With the continuous improvement of the scientific and technical level, robots with various functions are produced. However, under some conditions of limited space and extreme road conditions, most of the walking structures of the robots show the defects of being too complex, large in structural size, poor in road condition adaptability, too single in function, not having certain impact resistance in the whole, rigid impact between the link parts and the like.
Therefore, a new robot walking structure is urgently needed to solve the above problems. The invention related to the bionic structure of the leg of the sea cockroach is not found in the existing patent search, and the significance of the invention is more confirmed through the analysis.
Disclosure of Invention
The invention aims to provide a bionic sea cockroach leg structure with a buffering function.
In order to achieve the purpose, the invention adopts the following technical scheme:
a bionic sea cockroach leg structure with buffering function comprises a power source connecting device, a plurality of sequentially connected bionic limb joints and a claw arranged on the most tail end bionic limb joint, wherein the claw is provided with a groove
The power source connecting device comprises a limiting block and a power output rod;
the most front bionic limb joint is connected with the power output rod, the adjacent bionic limb joints are movably connected through a connecting piece, and a corner limiting structure and a buffer structure are arranged between the adjacent bionic limb joints, so that each bionic limb joint can be freely adjusted within a certain angle range;
the claw and the tail-most bionic limb joint are rotationally connected through a connecting piece, and a locking limiting structure is arranged between the claw and the tail-most bionic limb joint, so that the claw can be freely adjusted within a certain angle range.
As the improvement of the technical scheme, the power source connecting device is used for connecting the power source of the robot with the bionic limb joint, the limiting blocks are arranged on the robot, the gaps of the limiting blocks are adjustable, one end of the power output rod is connected with the power source of the robot, the other end of the power output rod is fixed on a ball hinge, and the ball hinge is arranged at the top end of the most front bionic limb joint.
As an improvement of the above technical scheme, the bionic limb joint comprises a first limb joint, a second limb joint, a third limb joint, a fourth limb joint, a fifth limb joint and a sixth limb joint which are sequentially connected, wherein the power output rod is connected with the first limb joint, and the hook claw is arranged at the tail end of the sixth limb joint.
As an improvement of the above technical scheme, the tail ends of the first to fifth limb sections are provided with corner limiting blocks, the lower parts of the corner limiting blocks are provided with buffering pads to form a corner limiting structure and a buffering structure, the tail end of the sixth limb section is provided with a claw locking rod and a claw limiting rod to form a locking limiting structure, and the tail end of the sixth limb section is provided with a buffering pad.

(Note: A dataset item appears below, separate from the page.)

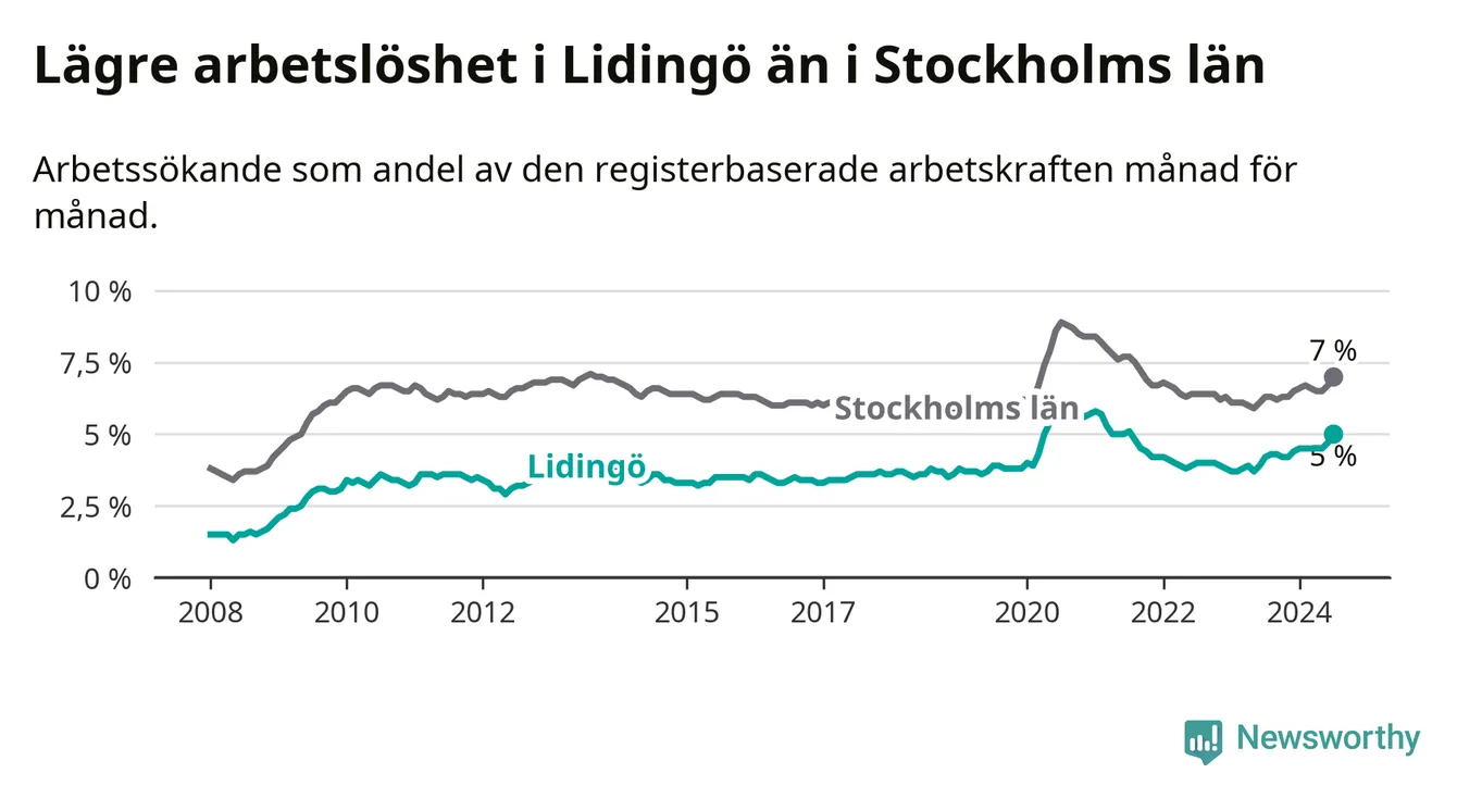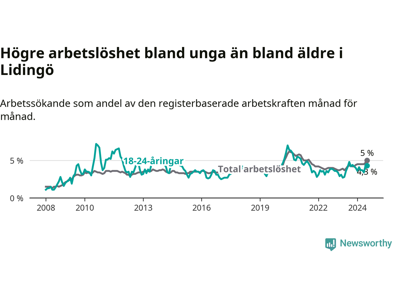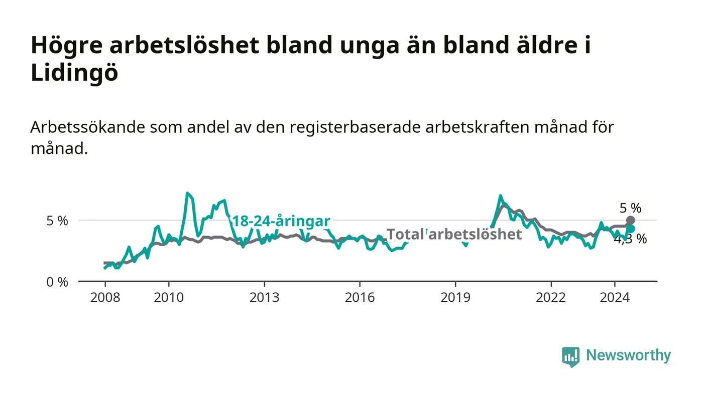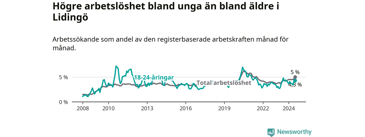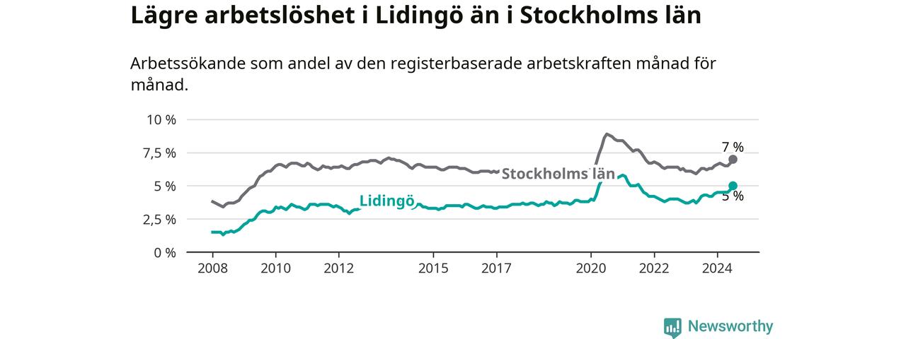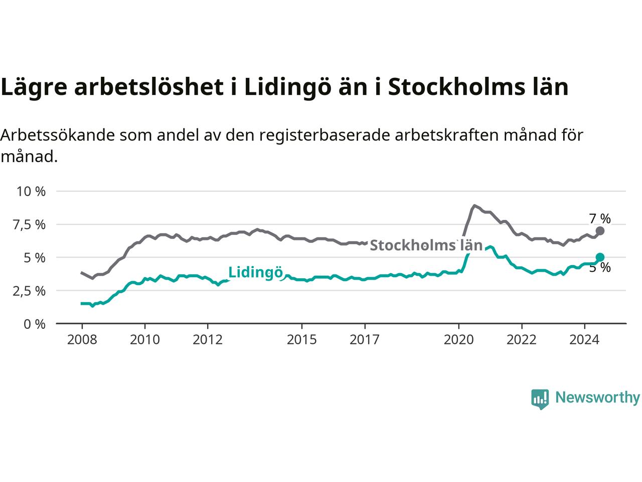 Det är 13:e månaden i följd som arbetslösheten på Lidingö är högre än den var under samma tidpunkt året innan. Sedan juni 2023 har arbetslösheten gått upp från 3,9 till 5,0 procent. Den nuvarande arbetslöshetsnivån är därmed den högsta sedan juli 2021.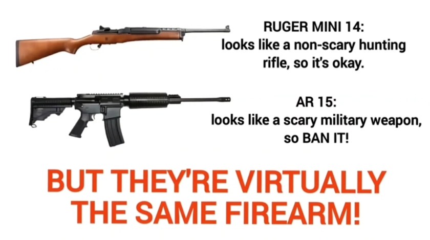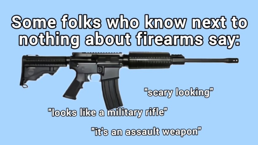 In fact, for all their attempts to instill fear in people regarding these “scary-looking” weapons, the AR-15 is rather tame when it comes to power. It’s basically the same as a regular .22 rifle with a few modifications to make it easier to grip and handle. The fact that it’s similar in appearance to the military M-16 rifle, giving it a more intimidating look, is one of the reasons it’s so effective as a personal defense firearm. A would-be attacker will think twice about trying to go up against a citizen carrying the AR-15 precisely because it’s “so darn scary-looking.”

As an improvement of the above technical solution, the hook comprises a large hook and a small hook, the hook locking lever comprises a large hook locking lever and a small hook locking lever for locking the hook in a certain rotation angle state, and the hook limiting lever comprises a large hook limiting lever and a small hook limiting lever for limiting a limit rotation angle of the hook. The claw can be retracted or released according to task requirements, and the size and the shape of the tip of the claw can be adjusted according to use or design requirements.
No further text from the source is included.